In a really strong memory model, emitting fence instructions would be unnecessary. All memory accesses would execute in order and all stores would be globally visible.
Memory fences are needed because current common architectures do not provide a strong memory model - x86/x64 can for example reorder reads relative to writes. (A more thorough source is "Intel? 64 and IA-32 Architectures Software Developer’s Manual, 8.2.2 Memory Ordering in P6 and More Recent Processor Families"). As an example from the gazillions, Dekker's algorithm will fail on x86/x64 without fences.
Even if the JIT produces machine code in which instructions with memory loads and stores are carefully placed, its efforts are useless if the CPU then reorders these loads and stores - which it can, as long as the illusion of sequential consistency is maintained for the current context/thread.

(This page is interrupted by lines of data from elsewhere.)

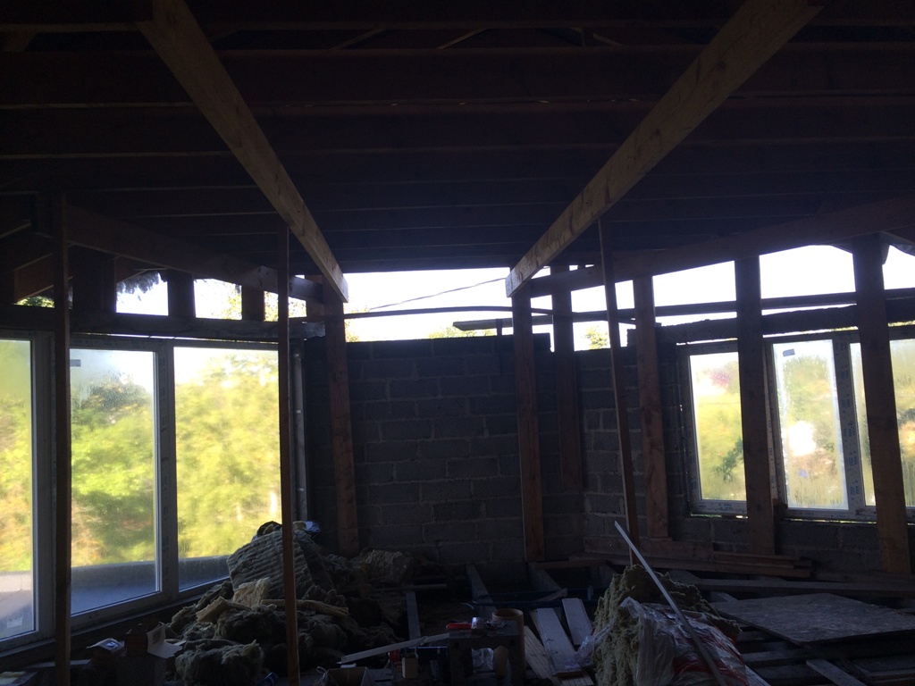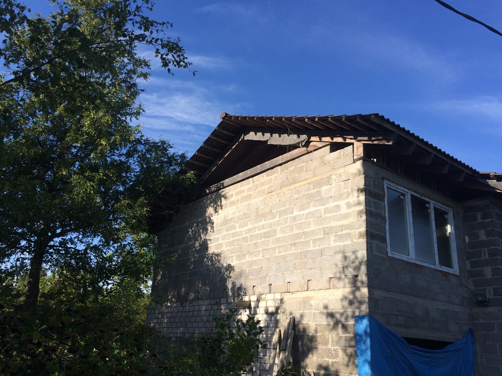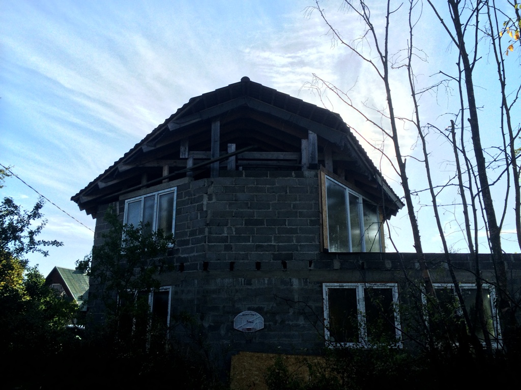 On vaja seinad katuseni ehitada, ühelt maja poolt (pildil aknatega) fibo200 ja kõik vajaliku (betoonvöö, pruss jms), teiselt maja poolt piisab OSBst teha.
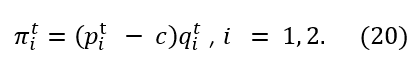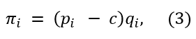 La función de beneficio 𝜋i𝑡 se interpreta de la siguiente manera: en un período de tiempo 𝑡∈ℕ cada empresa de forma simultánea elige la cantidad del bien a producir y por tanto queda determinado el precio de cada bien por las ecuaciones (1) y (2). Luego, 𝜋i𝑡 es el beneficio de la empresa 𝑖 en el período 𝑡.
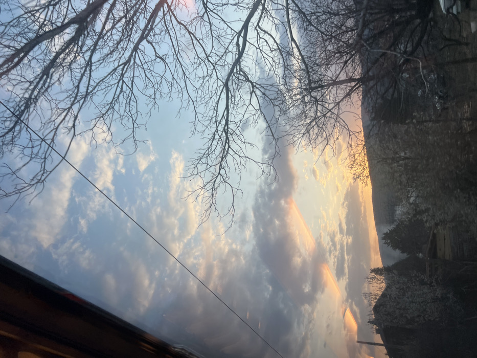 The image depicts a sunset over the city of Usoika, Bulgaria. The sky displays a gradient from light blue overhead to warm pink, orange, and golden yellow hues near the horizon. Scattered clouds are present, and distinct crepuscular rays are visible in the mid-left, emanating from the setting sun. A dark, reflective surface, consistent with an interior window frame, occupies the upper-left quadrant. A thin black line, appearing to be a wire or utility line, traverses the upper-middle of the frame. In the midground, numerous deciduous trees, primarily bare, are silhouetted against the sky, with their intricate branch structures prominent, especially on the right. Some trees in the lower-left and central midground exhibit white blossoms, indicative of spring. Residential structures with dark roofs are partially visible among the foliage in the lower-left. A range of vegetated hills or mountains forms the distant background. No individuals, specific actions, or interactions are observable.
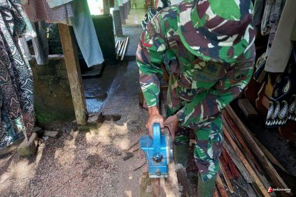 Satgas Bantu Warga Serut Kayu untuk Pembuatan Kusen
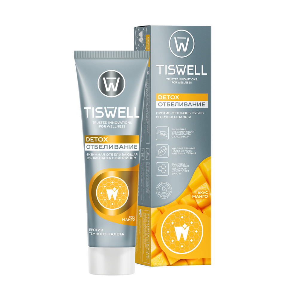 TISWELL Зубная паста отбеливающая энзимная от темного налета и камня Манго 110г
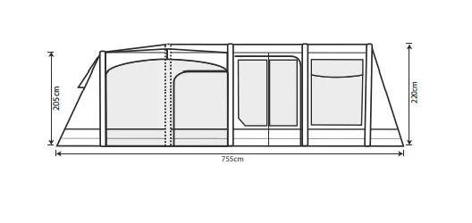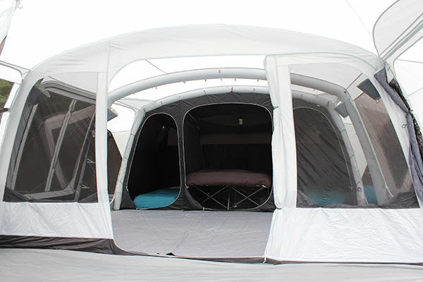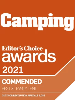 The Airedale 9.0DSE by Outdoor Revolution offers a superb, versatile family shelter, which has additional inner pods added to the tent, to sleep up to 11 – 13 people. The Airedale 9.0se is based on the highly popular 7.0SE, but has an annex on either side of the canvas, to create dual annexes and ample living, storage, and sleeping space. The Airedale has three entrances, two of which have full Phoenix mesh panels to reduce the amount of condensation experienced whilst camping in wetter conditions or more humid conditions.
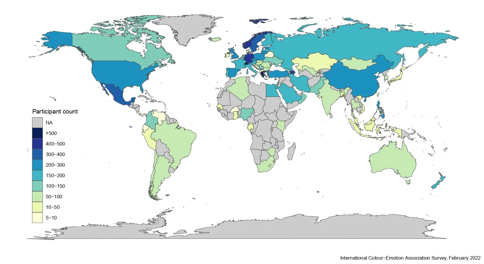 You can see on this map how many people from each country have so far participated (as of February 2022). Bluer colours indicate more participants.
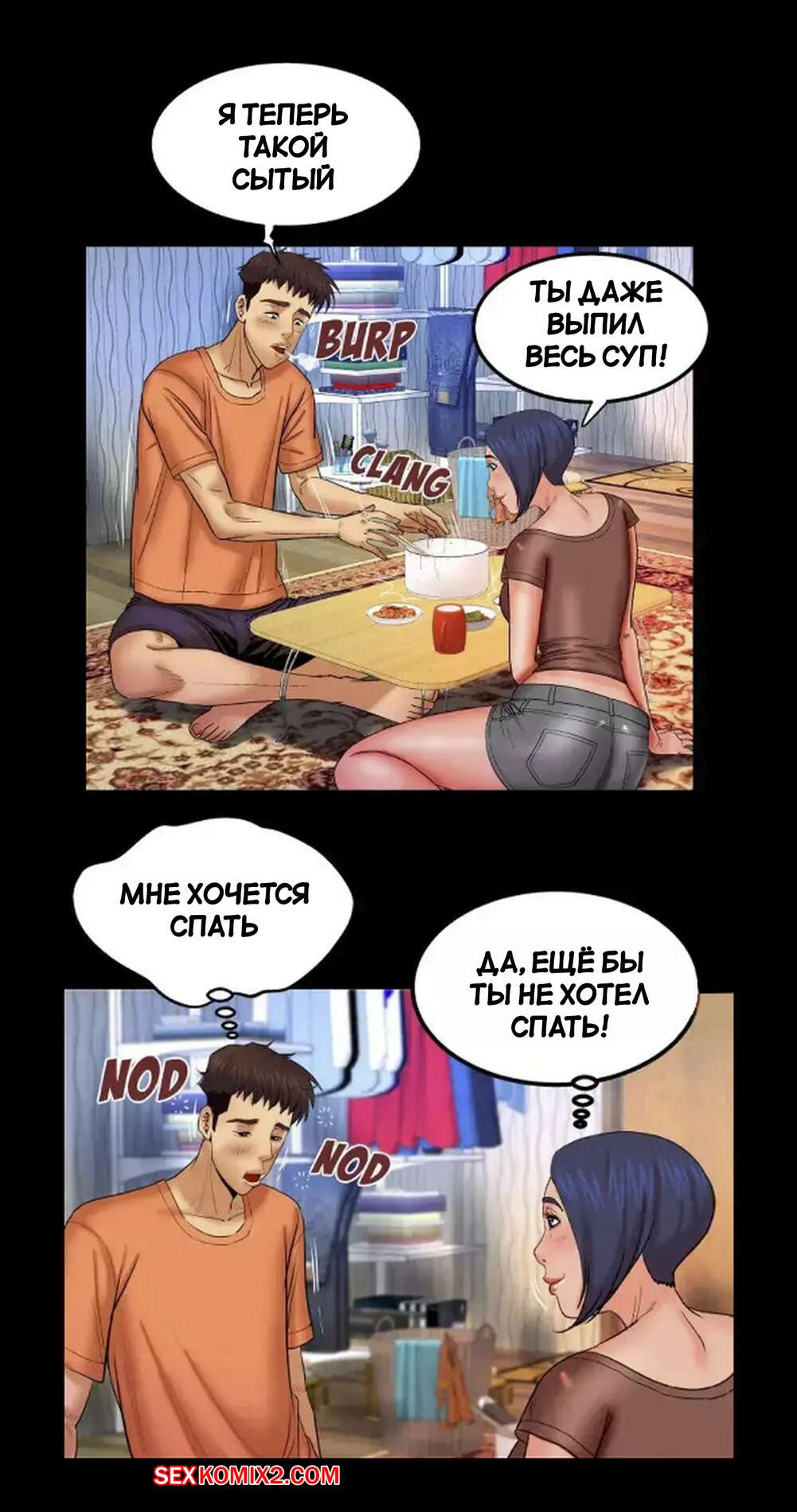 Порно комикс Моя тетя. Без цензуры. Часть 32. My Aunt. Toomics Горячая брюнетка затащила парня к себе в комнату, желая повеселиться. Она усадила парня на пол и оседлала его большой хуй, желая как следует насладиться и кончить.
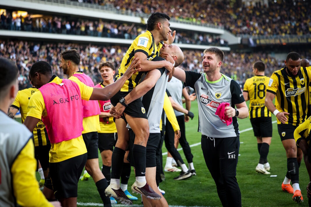 H AEK πέτυχε την Κυριακή (19.04.2026) μια πολύτιμη, αλλά και επιβλητική νίκη απέναντι στον ΠΑΟΚ (3-0) στην Allwyn Arena, για τη 2η αγωνιστική των play-off της Super League, αποτέλεσμα που διατήρησε την Ένωση σε ρόλο… οδηγού, στην κούρσα για την κατάκτηση του πρωταθλήματος.

Risking oversimplification: it may help to visualize the loads and stores resulting from the instruction stream as a thundering herd of wild animals.
As they cross a narrow bridge (your CPU), you can never be sure about the order of the animals, since some of them will be slower, some faster, some overtake, some fall behind.

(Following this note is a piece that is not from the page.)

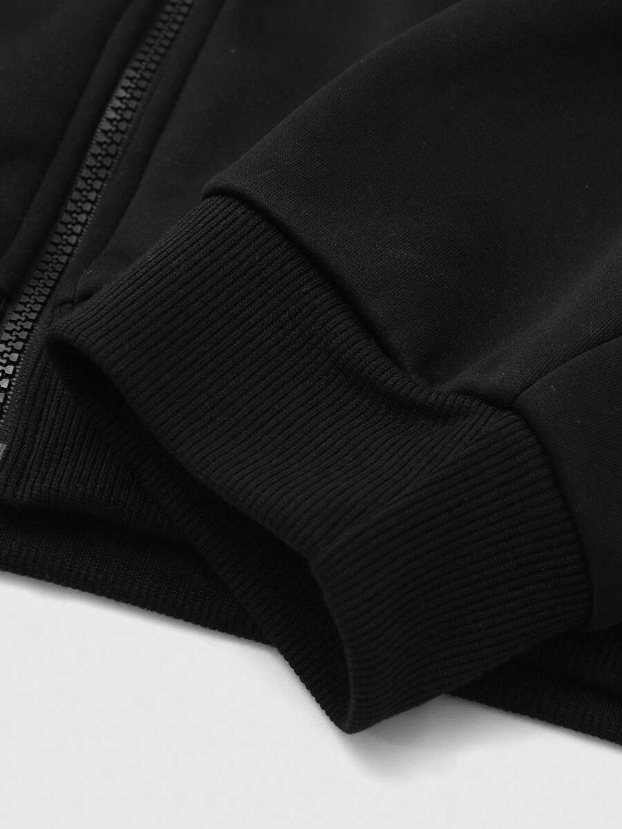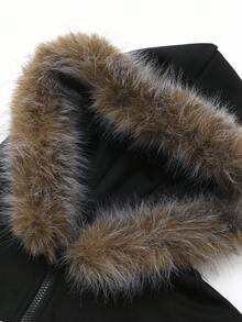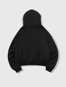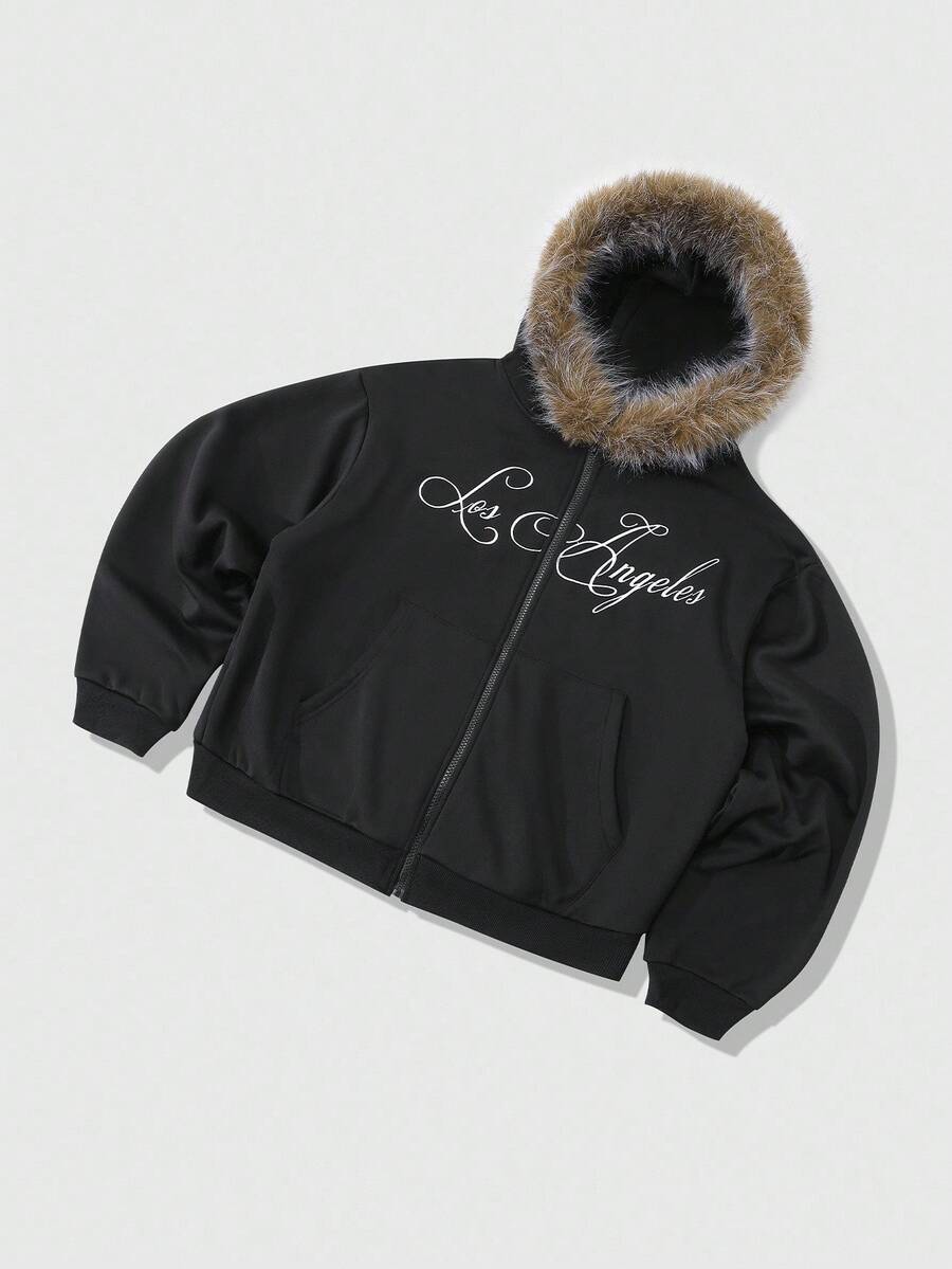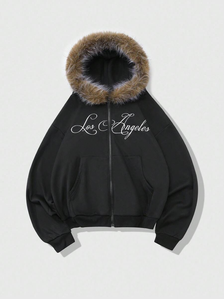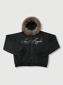 Street Life Men's Hooded Sweatshirt With Embroidered English Text And Fur Collar, Street Style, Fall Winter

If at the start - when you emit the machine code - you partition them into groups by putting infinitely long fences between them, you can at least be sure that group A comes before group B.

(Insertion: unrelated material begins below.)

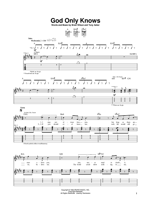 Digital Sheet Music for God Only Knows by Brian Wilson, The Beach Boys, Tony Asher scored for Guitar Tab; id:367655

Fences ensure the ordering of reads and writes. Wording is not exact, but:
- a store fence "waits" for all outstanding store (write) operations to finish, but does not affect loads.
- a load fence "waits" for all outstanding load (read) operations to finish, but does not affect stores.
- a full fence "waits" for all store and load operations to finish. It has the effect that reads and writes before the fence will get executed before the writes and loads that are on the "other side of the fence" (come later than the fence).
What the JIT emits for a full fence, depends on the (CPU) architecture and what memory ordering guarantees it provides.
Since the JIT knows exactly what architecture it runs on, it can issue the proper instruction(s).
On my x64 machine, with .NET 4.0 RC, it happens to be a lock or
.
int a = 0;
00000000 sub rsp,28h
Thread.MemoryBarrier();
00000004 lock or dword ptr [rsp],0
Console.WriteLine(a);
00000009 mov ecx,1
0000000e call FFFFFFFFEFB45AB0
00000013 nop
00000014 add rsp,28h
00000018 ret
Intel? 64 and IA-32 Architectures Software Developer’s Manual Chapter 8.1.2:
"...locked operations serialize all outstanding load and store operations (that is, wait for them to complete)."
..."Locked operations are atomic with respect to all other memory operations and all
externally visible events. Only instruction fetch and page table accesses can pass
locked instructions. Locked instructions can be used to synchronize data written by
one processor and read by another processor."
memory-ordering instructions address this specific need. MFENCE
could have been used as full barrier in the above case (at least in theory - for one, locked operations might be faster, for two it might result in different behavior). MFENCE
and its friends can be found in Chapter 8.2.5 "Strengthening or Weakening the Memory-Ordering Model".
There are some more ways to serialize stores and loads, though they are either impractical or slower than the above methods:
In chapter 8.3 you can find full serializing instructions like CPUID
. These serialize instruction flow as well: "Nothing can pass a serializing instruction and
a serializing instruction cannot pass any other instruction (read, write, instruction
fetch, or I/O)".
If you set up memory as strong uncached (UC), it will give you a strong memory model: no speculative or out-of order accesses will be allowed and all accesses will appear on the bus, therefore no need to emit an instruction. :) Of course, this will be a tad slower than usual.
...
So it depends on. If there was a computer with strong ordering guarantees, the JIT would probably emit nothing.
IA64 and other architectures have their own memory models - and thus guarantees of memory ordering (or lack of them) - and their own instructions/ways to deal with memory store/load ordering.